Rare, Recent Publications Shown In Widener Display

NO WRITER ATTRIBUTED

Affording the public an opportunity for the first time to estimate the extent and variety of the work done by the University Press, representative selections from this organization will be on exhibit on the cases at the main entrance to Widener Library through December 21.

All the books, with only two or three exceptions, have been printed in the Press shop at Randall Hall. In point of number of new publications issued each year, the Press is one of the largest university presses in the country.

Displayed in Cases

Devoted to the most recent publications of the Press, the first show case in Widener will contain the three volume work "Drawings in the Fogg Museum of Art" by Miss Agnes Mongan and Paul J. Sachs '00, professor of Fine Arts.

Volumes designed by Bruce Rogers and D. B. Updike will be among the ten examples of finely printed works displayed in the second case.

An elaborate group shows the solution of difficult problems in printing, such as the layout of mathematical, musical, and tabular work. Another case, which is filled with publications issued during the last few years, is arranged to show the attractive jackets which the Press uses on its trade books.

Scholarly Works on Show

Other cases are devoted to samples from forty or more scholarly works, books about Harvard and the Loeb Classical Library.
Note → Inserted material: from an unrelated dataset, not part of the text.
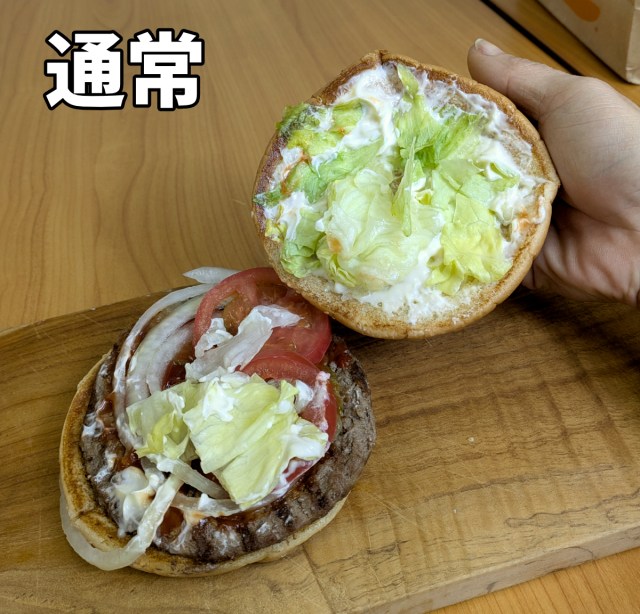This was not what we were expecting. The contents looked almost identical to the regular, and if anything perhaps there seemed to be even less inside. To be sure we weren’t imagining things, we peeled all the lettuce off the top buns and placed them on their corresponding burger patty bun for a more precise comparison.

Showings of the great works of scholarship by many great Harvard teachers, George L. Kittredge, Charles H. Grandgent, E. K. Rand, George Foot Moore, Clifford H. Moore, Wilbur C. Abbot, George Santayana, and others are included.

The Press was established a separate department of the University by a vote of the Corporation on January 13, 1915. Its list of publications now comprises almost 2000 titles, among which is the Loeb Library, founded in 1910 by Dr. James Loeb '88 and bequeathed to the University in 1933.